Actually from my personal library, but a crucial text to what I’m thinking about here at the ICI. Castiglia and Reed very thoroughly articulate a lot of what I’ve been considering with my work of the past several years. Today I’m reading a chapter that considers “[t]he ways that melancholy preserves the possibility of the fantastic…(particularly through the work of Giorgio Agamben), for the fantastical and imaginary qualities of (Agamben’s) phantasm make it a vehicle for progressive social change.”
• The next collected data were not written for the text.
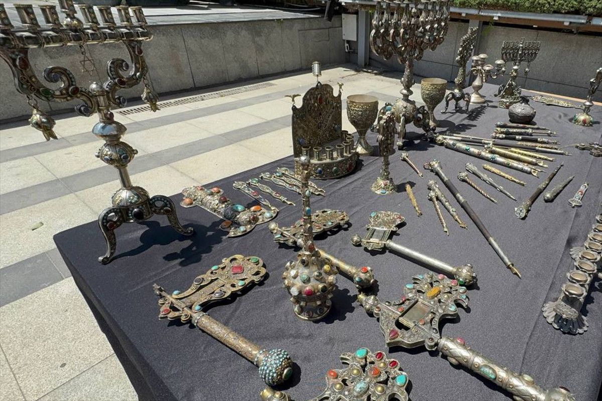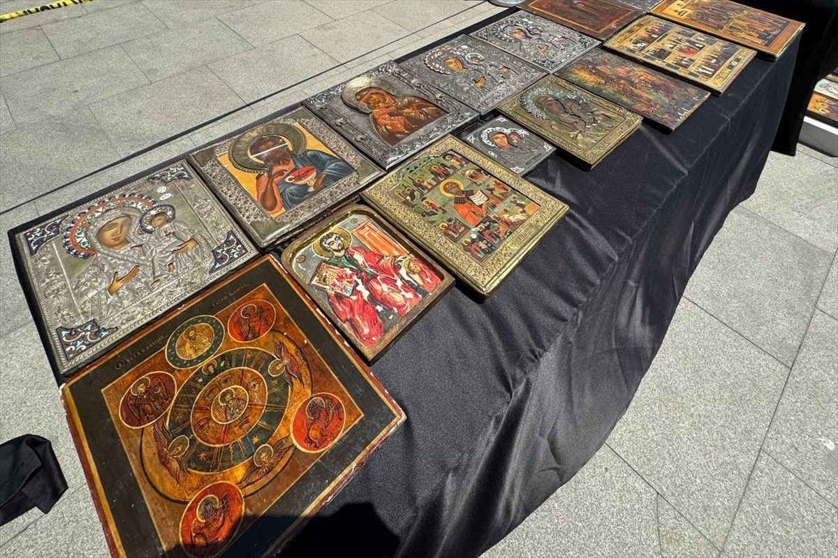 Ele geçirilen eserler, İstanbul Emniyet Müdürlüğünün bahçesinde sergilendi.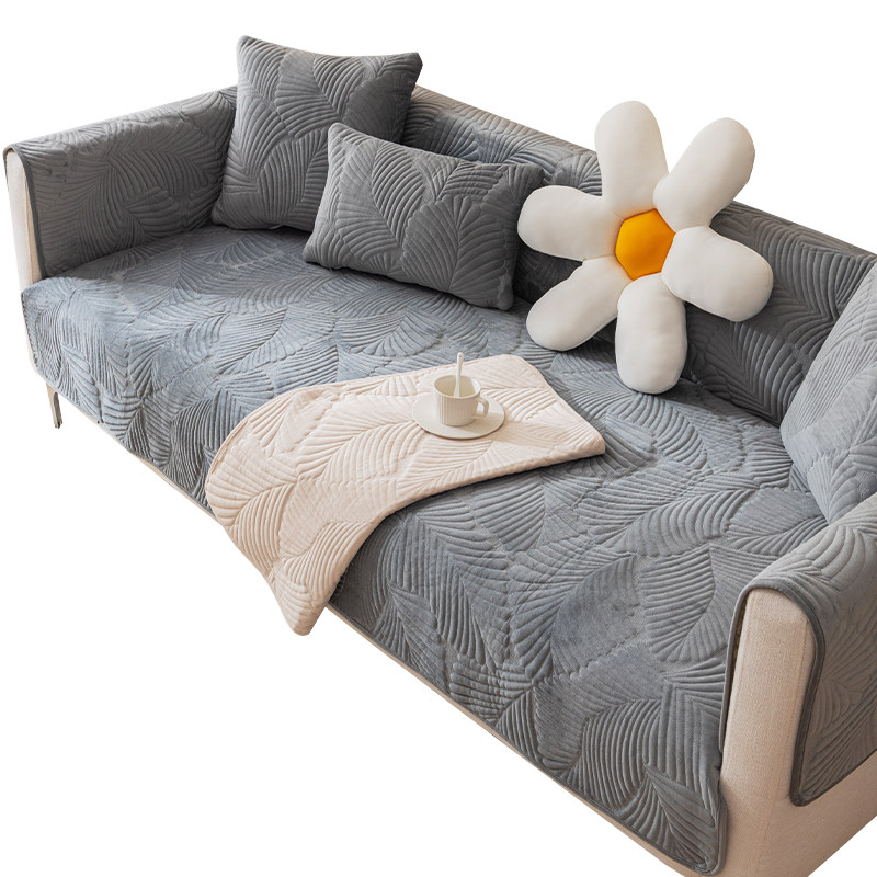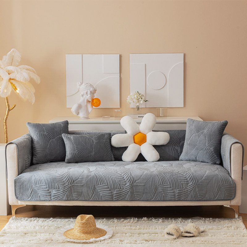 北欧简约纯色灰色短绒沙发垫布艺防滑坐垫冬季通用现代沙发套罩巾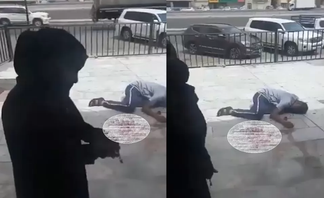 وأظهر فيديو امرأة ترتدي النقاب، بعد أن أقدمت على جريمتها، بينما ملقى أمامها في الشارع، رجل غارق بالدماء.

Agamben’s account of melancholy is the antithesis of the Freud’s sadomasochistic melancholic (who takes on the attributes of the lost desired object in order to deny loss) which is a trope often used to describe homosexuals. For Agamben “[t]he “lost object,” as a phantasm…is the creation of the melancholic psyche, generated to forestall loss. Melancholia as a projective fantasy thus “affects the paradox of an intention to mourn that precedes and anticipates the loss of the object” making viable “an appropriation in a situation in which one is really possible””. They go on to state that “[r]ather than a sadomasochistic process of self-abuse, melancholy becomes an imaginative process of projective psychic realization.”
Wow.
I guess the way this relates to everything is in thinking about loss (not just personal), as a part of the homosexual psyche can give us a way to produce a present that both remembers the traumas of the past and uses it to envision a more progressive and utopian future, not an inconceivable utopia but one that it connected to an already established past through the lost object and our memory of it.